Planting Seeds of Growth at St. Monica Academy

At St. Monica Academy, students take ownership of their education through innovative environmental education and robust student-led opportunities.

Through an innovative environmental-based curriculum, children at St. Monica Academy in Chicago are growing — academically, physically and spiritually. “You can learn anything in the garden,” says Ray Coleman, Principal at St. Monica Academy. “Education, faith and the environment connect all we do.”

In about a dozen different garden plots on St. Monica’s campus, preschool through eighth grade students blend all academic disciplines through a program called Student Environmental Education and Development Studies (SEEDS), which the school launched 15 years ago, and enhanced by tapping into the expertise of the Chicago Botanic Garden.

“We focus on plant-based learning in the lower grades and have themes we create fresh every year. We have a vegetable soup garden, a fairy tale garden, a salsa garden and a sensory garden. These are things the kids can really connect with,” Coleman explains. “We have a flower garden and a butterfly garden which attracts monarchs and other butterflies.”

st-monica-academy
Photo credit: St. Monica Academy

As students grow, the subjects studied change, and by middle school, they’re studying issues related to climate change, including the importance of water and protecting watersheds, landfills and recycling and renewable sources of energy. “We have photovoltaic solar panels and we connect this into our curriculum and the students study solar, wind, hydroelectric and geothermal energy,” he says. While lessons are rooted in ecology and environmental science, students also lean on the disciplines of language arts, math, social studies, fine arts and religious studies through the SEEDS curriculum.

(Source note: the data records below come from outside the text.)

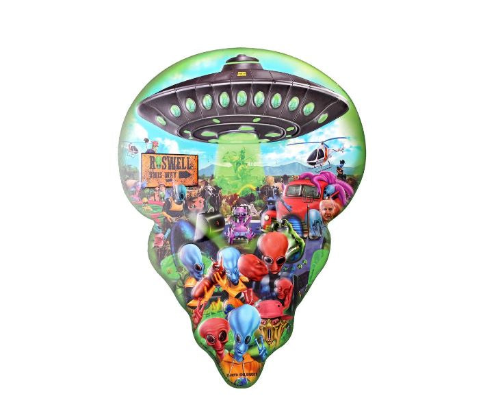 American Art Decor Distressed Roswell Alien Fest UFO Embossed Shaped Metal Sign - 18" x 13.75"
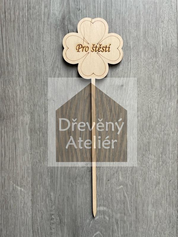 Dřevěná zapichovací ozdoba (Čtyřlístek)
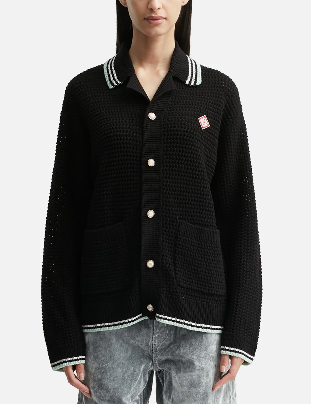 - Casablanca - Embroidered Cotton Crochet Long Sleeve Shirt - Made of crochet cotton fabric - Relaxed fit - Long sleeves - Ribbing and striped details on collar, cuffs and hem - Button closure - Signature logo on the chest - Front patch pockets - Branded lettering at back - Color: Black - Material: 100% Cotton - See more Knitwear and Clothing - Model wears size M - Model measures: Height 186cm, Chest 34”/86cm, Waist 28”/71cm, Hip 36”/91cm - Model wearing size S - Model measures: Height 179cm, Chest 32’’/ 81.3cm, Waist 24.5”’/62cm, Hip 34.5’’/88cm - Vendor Code: M-AW25-KW-1160-01
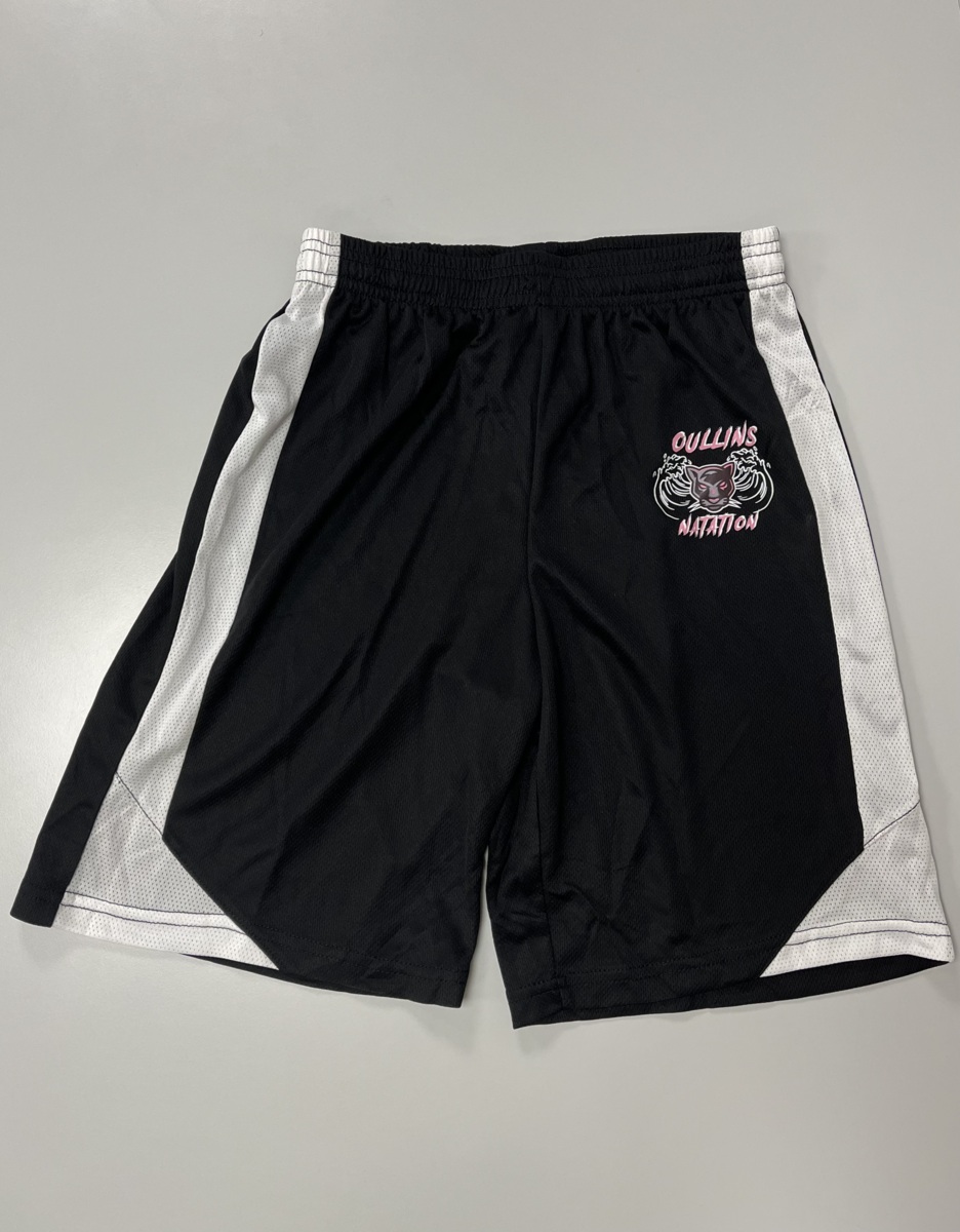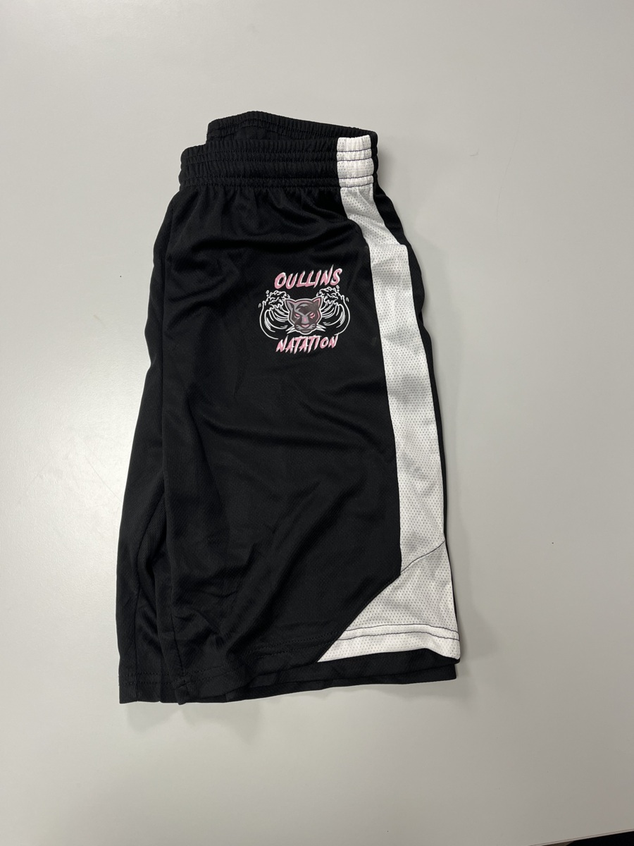 Short de sport noir et blanc en polyester respirant. Logo du club sur la jambe droite.

The academic growth at St. Monica Academy is measurable and capitalizes on the natural curiosity of each age group, beginning in the academy’s top-ranked play-based Early Childhood Program. “Our students really take ownership of the gardens and enjoy the hands-on inquiry-based learning,” Coleman says, adding that there are plenty of community volunteers who help care for the gardens over the summer growing season.

Taking ownership and succeeding

Students at St. Monica Academy also build agency through unique student-led activities, including daily morning video broadcasts. “We knew that the students didn’t need to hear their principal on the loudspeaker doing the announcements, so we established student-led morning video announcements,” says Coleman. “At 7:15 each morning, the students prepare a several-minute broadcast for the following morning, which includes the pledge, a morning prayer, weather and sports, plus birthday announcements,” Coleman says, adding that the kids are adept at editing the video in short order.

“They are efficient and student leaders are in charge of it all. They have an impact on our school in a way that we can see every morning,” he says. “We all have our own gifts, so we use what we have and try different things. This is a great way for kids to have ownership in their school. The more they can own their education, the better off they are.”

Together with strong fine arts and science curricula and comprehensive athletic program, St. Monica Academy students gain a well-rounded faith-based education and learn what is most important in life, Coleman says. And, they are prepared for their next big step.

“A tremendous amount of our students go to Catholic high schools but many also attend selective enrollment schools. In the past 19 years, we have had about a dozen valedictorians and salutatorians at various schools. They do very well when they have a great foundation they formed at St. Monica Academy.”